• [Brief]
Your answer must be the exact lines below, starting with the line with "When this gap" and going on through the line with "Gather candid, unbiased", both included, with no pictures.

• [Records supplied]
--------------------------------------------------

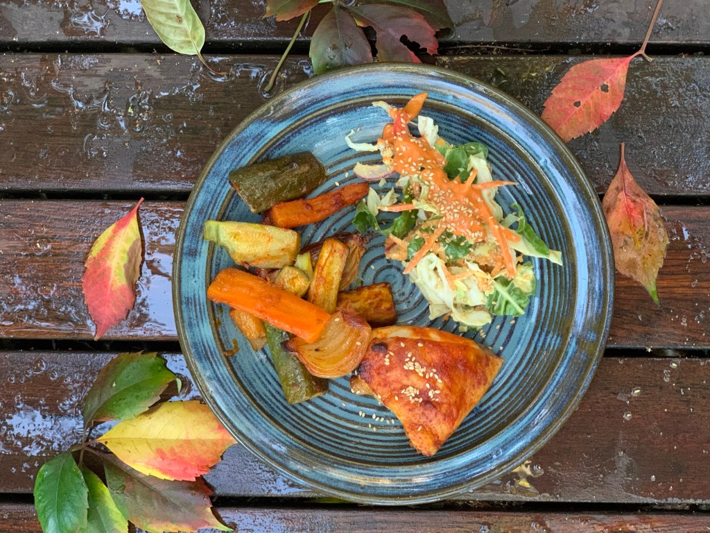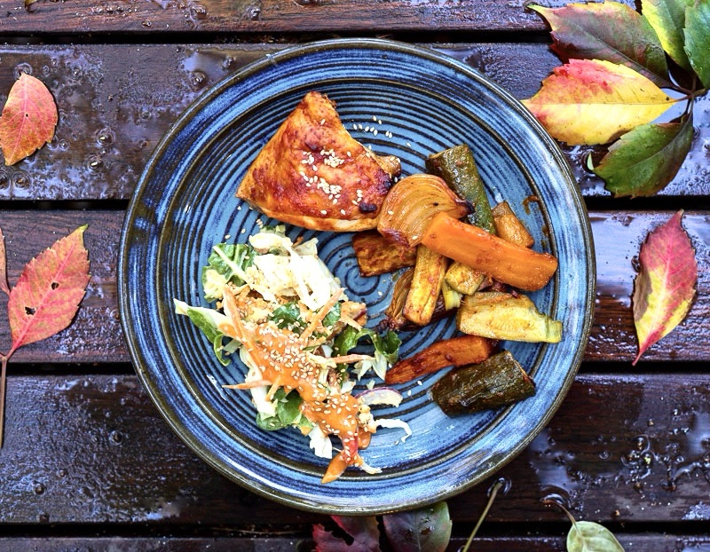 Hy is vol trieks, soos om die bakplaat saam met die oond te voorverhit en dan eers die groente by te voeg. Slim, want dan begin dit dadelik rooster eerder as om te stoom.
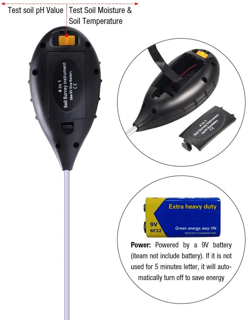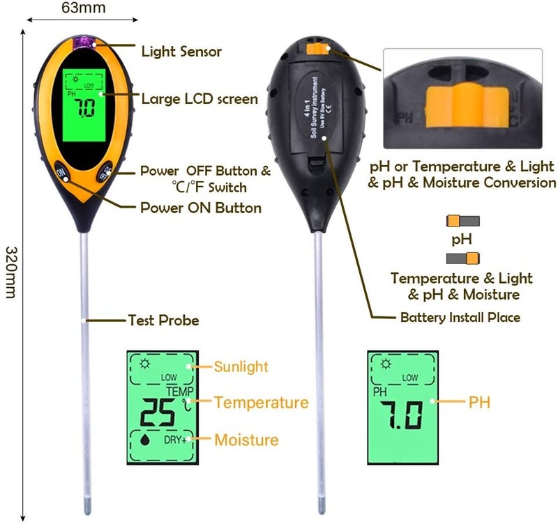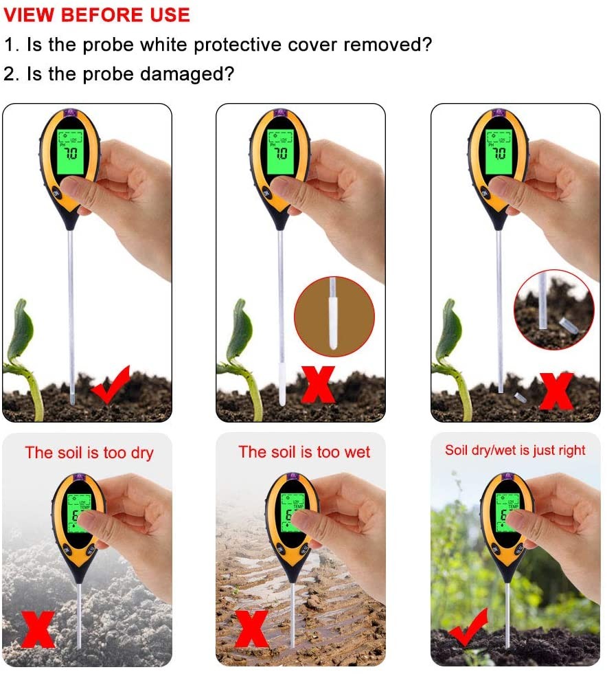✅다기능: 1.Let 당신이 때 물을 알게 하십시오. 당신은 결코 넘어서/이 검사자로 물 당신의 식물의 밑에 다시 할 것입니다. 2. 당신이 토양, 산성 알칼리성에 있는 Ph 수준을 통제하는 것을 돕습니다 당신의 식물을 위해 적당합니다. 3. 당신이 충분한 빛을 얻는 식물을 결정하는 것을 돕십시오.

--------------------------------------------------

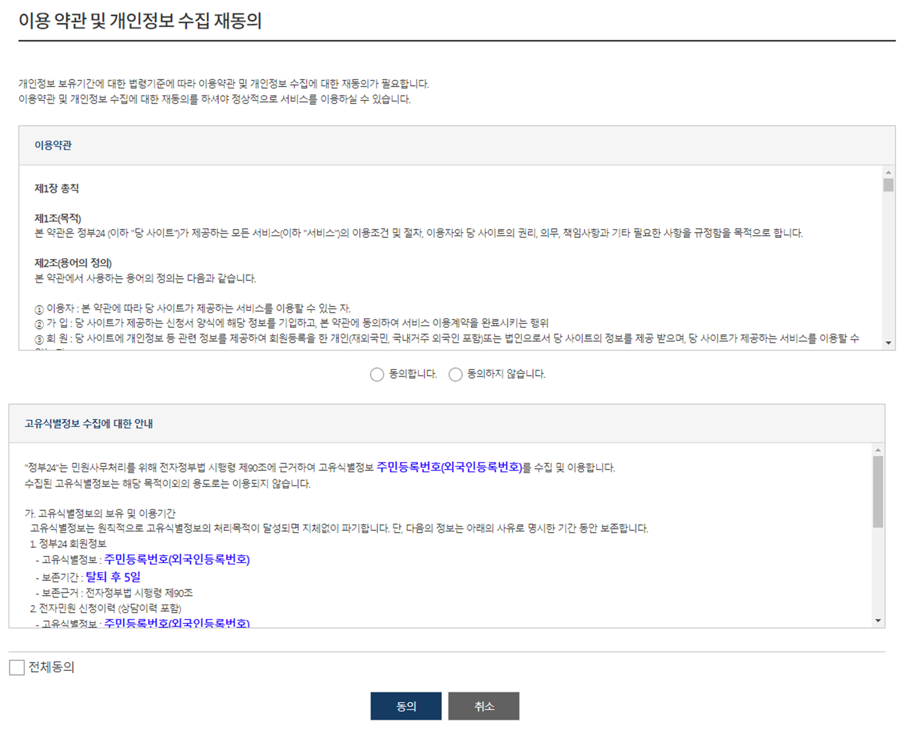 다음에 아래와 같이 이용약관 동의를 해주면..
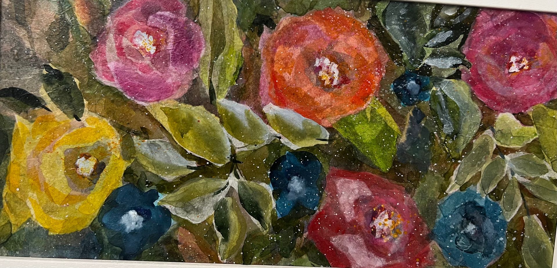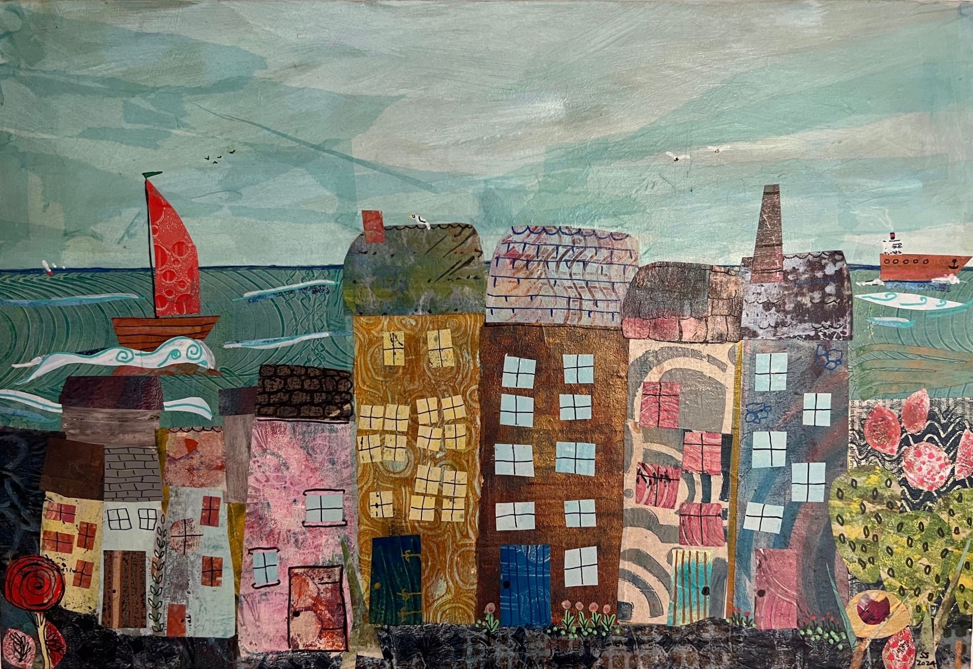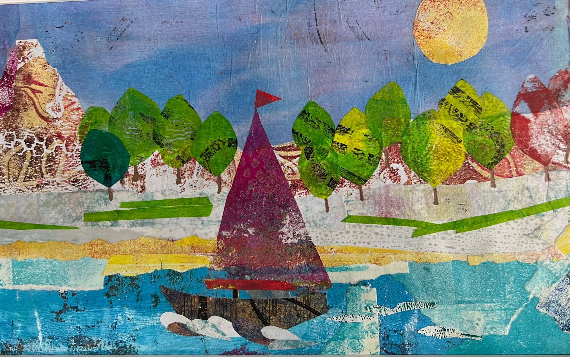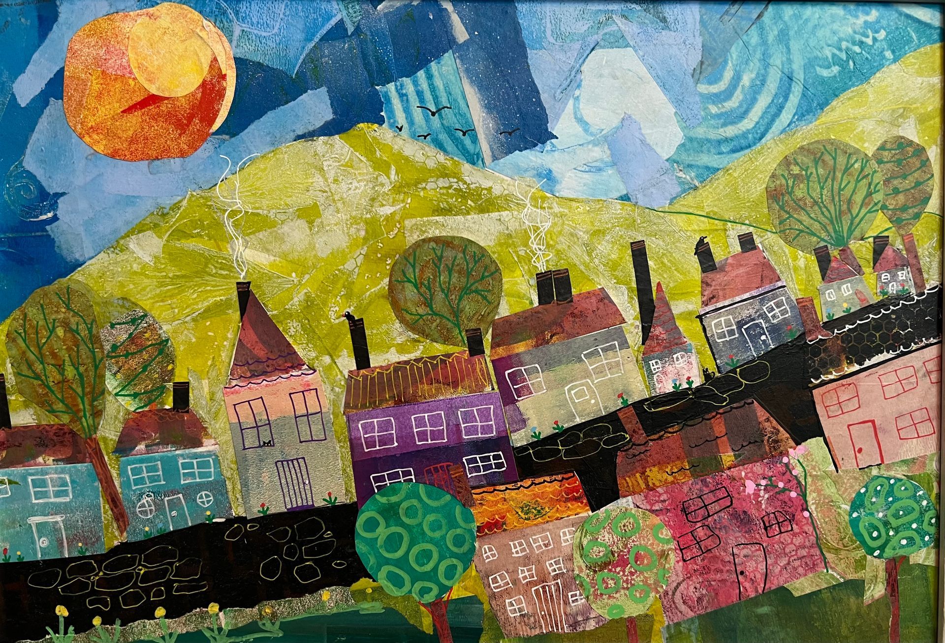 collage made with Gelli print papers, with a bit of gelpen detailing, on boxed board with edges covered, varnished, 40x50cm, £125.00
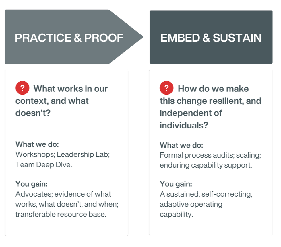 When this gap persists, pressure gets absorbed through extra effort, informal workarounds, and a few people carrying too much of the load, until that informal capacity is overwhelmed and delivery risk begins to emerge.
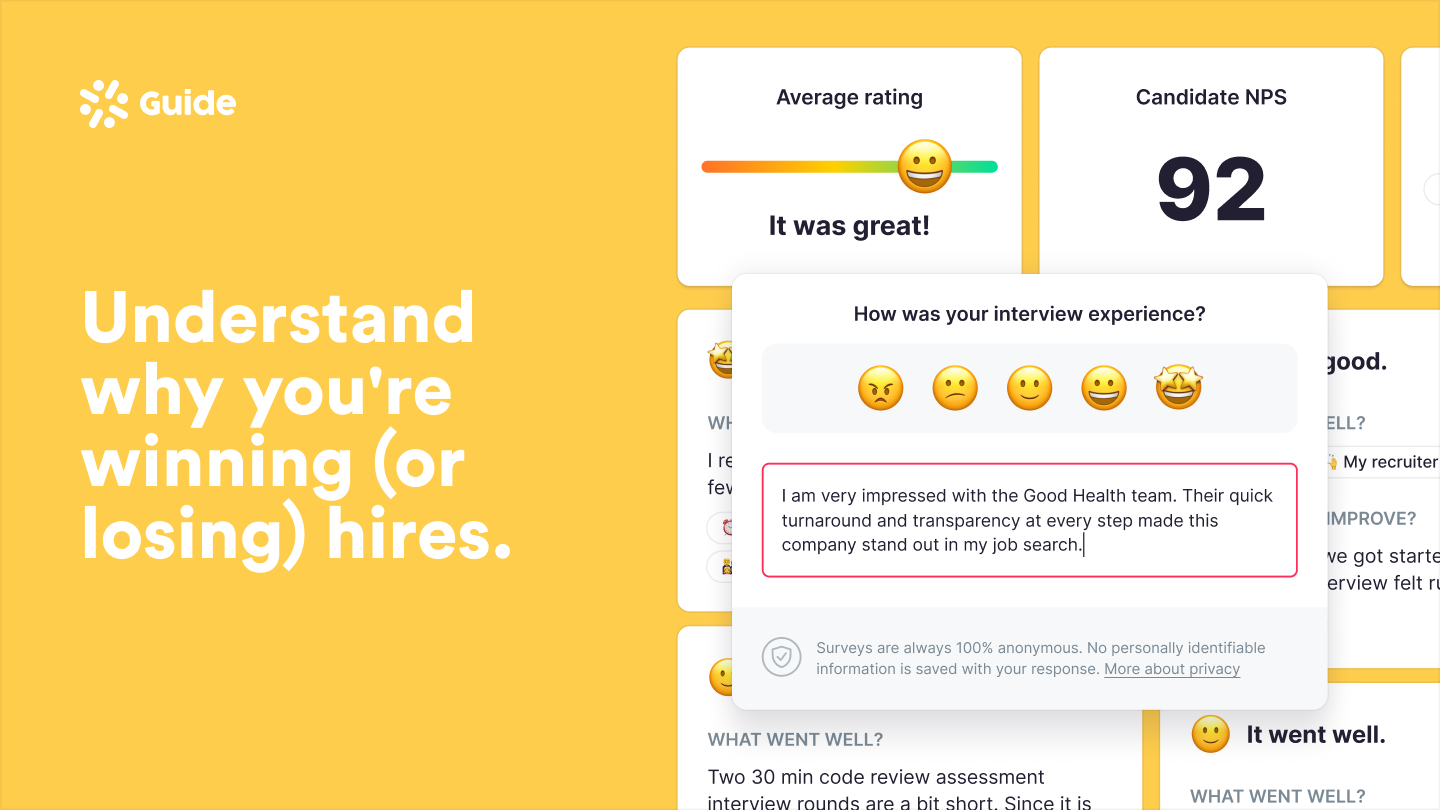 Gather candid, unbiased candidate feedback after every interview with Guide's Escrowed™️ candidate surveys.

--------------------------------------------------

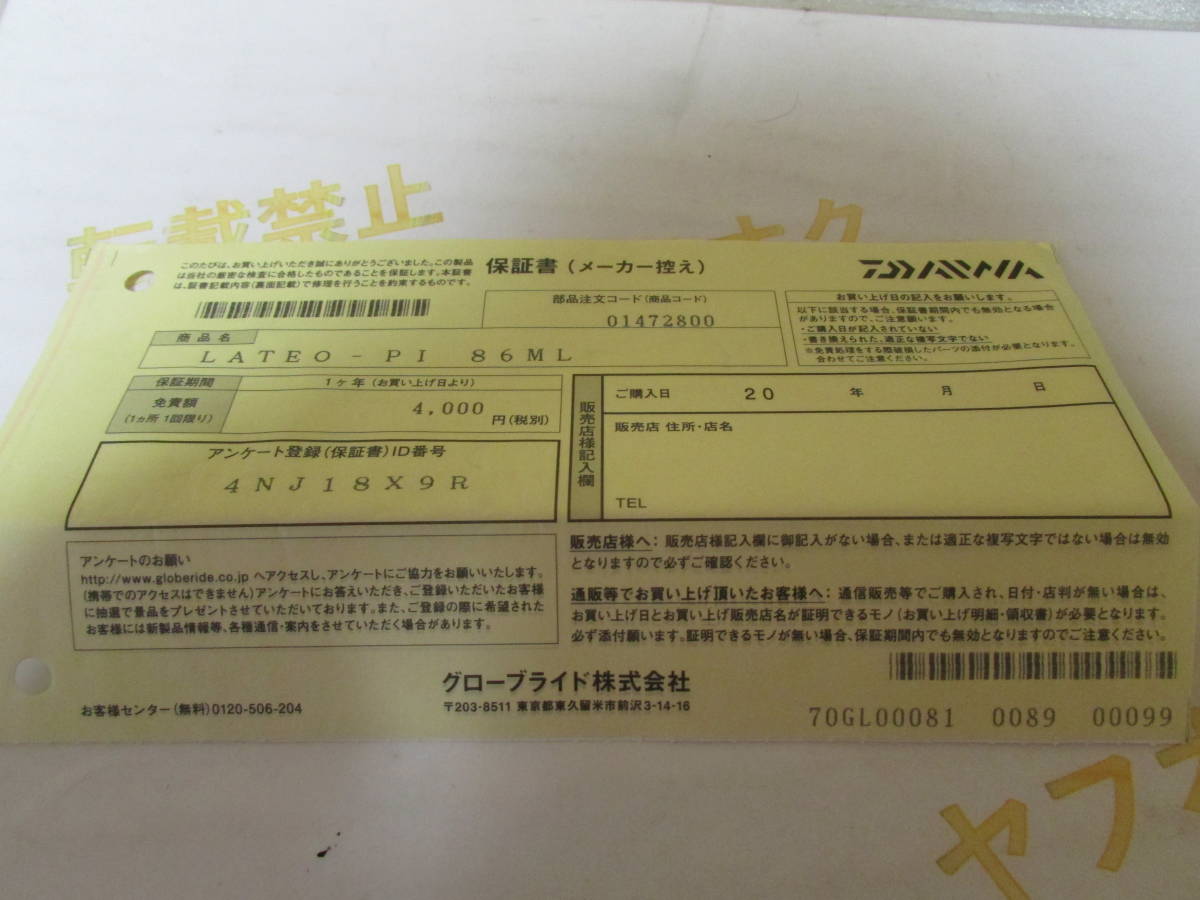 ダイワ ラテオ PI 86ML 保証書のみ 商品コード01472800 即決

--------------------------------------------------

• [Answer to this problem]
 When this gap persists, pressure gets absorbed through extra effort, informal workarounds, and a few people carrying too much of the load, until that informal capacity is overwhelmed and delivery risk begins to emerge.
 Gather candid, unbiased candidate feedback after every interview with Guide's Escrowed™️ candidate surveys.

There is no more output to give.